Hours of Work, Caring Responsibilities and Workload.

  1. Whilst I accept that Logic had agreed to continue Ms Zhao’s existing part time hours, Ms Zhao made it very clear that the proposed change in her rostered hours of work was not acceptable. Despite her concerns, the final offer made to Ms Zhao confirmed that her hours would change to 8:00am – 4:00pm. Having considered Ms Zhao’s submissions, I accept that this change in her rostered hours would have had a significant impact on her capacity to care for her three children and her father and was clearly not suitable to her. 

  1. Even in the event that the hours may have been amended at some point, Ms Zhao also points out that during the period that she was “operationally transferred” to Logic, under her existing contract and hours, which allowed her to finish at 3:00pm, the workload she experienced resulted in her having to work unpaid overtime on a regular basis, which she says, and I accept, significantly impacted her ability to manage her caring responsibilities and family circumstances. These considerations weigh against a finding that the offered position was acceptable.

Change of Award and reduction in entitlements

  1. Again, despite Ms Zhao raising this issue on multiple occasions, Logic failed to address her concerns. I accept that losing a week’s annual leave would have been significant to Ms Zhao, particularly given she has three school age children. Viewed objectively, I find that it was reasonable for Ms Zhao to have taken this into consideration when assessing whether or not the proposed position was acceptable.

Required skill set and Impact on Nursing Career

  1. It is clear that whilst some of the duties in the proposed role align with the original role, the fact remains that, despite Ms Zhao’s continued objections, the role offered to her was not a nursing role and could be performed without a Nursing Qualification or Registration. 

  1. I accept that Ms Zhao has spent her career as a professional Nurse and takes great pride in her profession. Viewed objectively, I accept that accepting a non-nursing role, would not only have impacted her ability to maintain her Registration, but would also have impacted on her personal and professional identity and her capacity to find future employment in her chosen career. This consideration does not weight in favour of a finding that the position offered was acceptable.

Engagement and Co-operation

  1. Having considered the submission of the parties I accept that Ms Zhao meaningfully engaged with both Idameneo and Logic regarding the proposed position.
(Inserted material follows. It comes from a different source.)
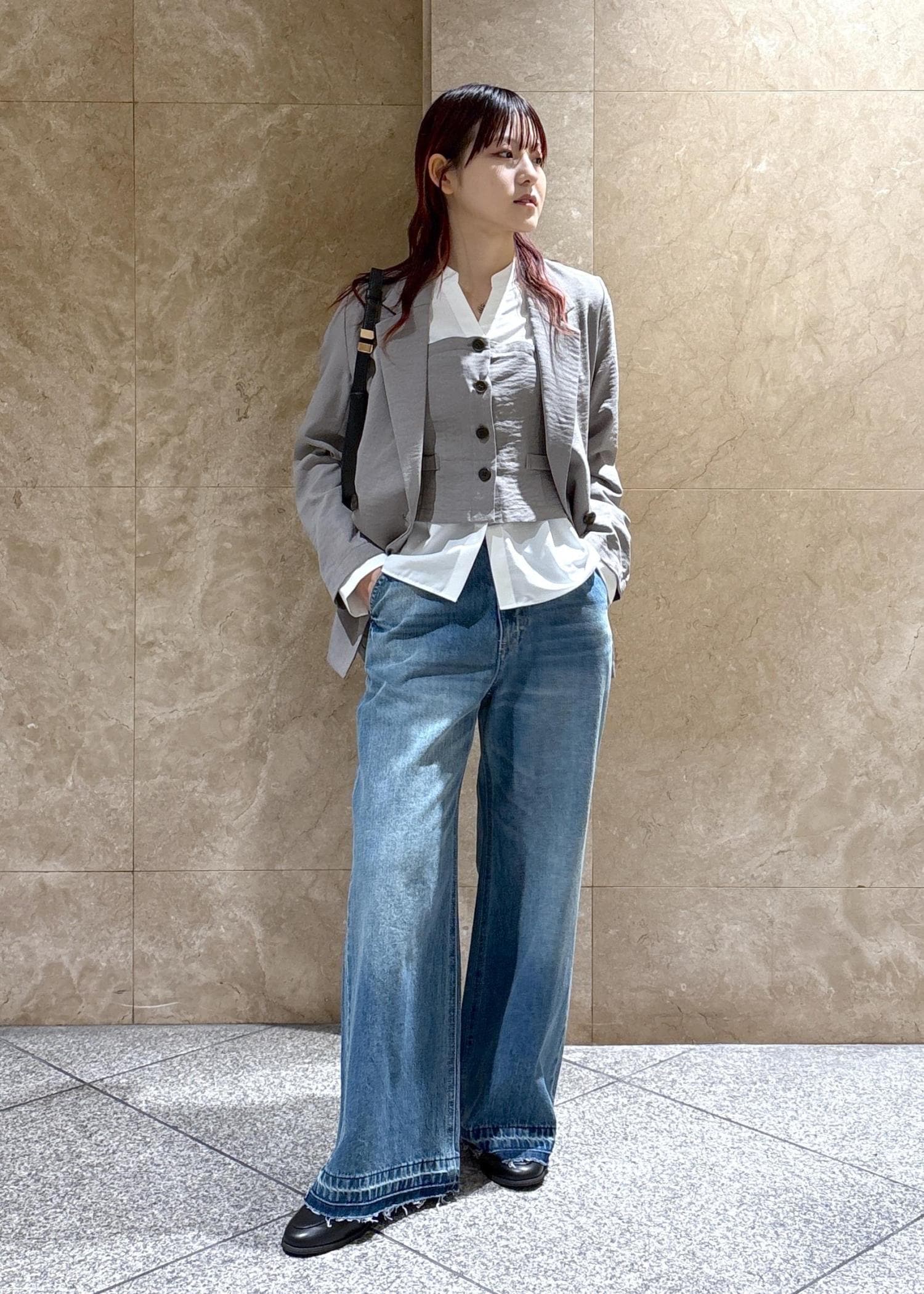 コンパクトめではありますが、中にシャツなどをレイヤードできるくらいのゆとりはありました◎

Ms Zhao clearly outlined her concerns with the role and why she found it unacceptable. This consideration does not weigh in favour of a finding that she was offered acceptable employment. 

Conclusion

  1. Determining whether the role offered to Ms Zhao was acceptable requires an objective assessment of the suitability of the role to Ms Zhao in the context of her personal circumstances.

  1. Having considered all of the submissions and circumstances of this matter, I find that, having meaningfully engaged in discussions regarding the proposed position, it was reasonable for Ms Zhao to have reached the conclusion that she was unable to accept the offer.

  1. Consequently, I find that Idameneo did not obtain acceptable alternative employment for Ms Zhao within the meaning of section 120(1)(b)(i) of the Act.

  1. As the requirements of section 120(1) have not been met, it is not open to me to consider any reduction in Ms Zhao’s redundancy entitlement. The application is therefore dismissed.

COMMISSIONER


[1] [2016] FWC 461, [178]-[184].

[2] [2014] FWC 7503.

[3] [2016] FWC 461, [184].

[4] Kelly Group (Administration) Pty Ltd [2023] FWC 2650.

[5] (1990) 140 IR 123.

[6] [2019] FWC 756, [24]; [2016] FWC 2880, [11].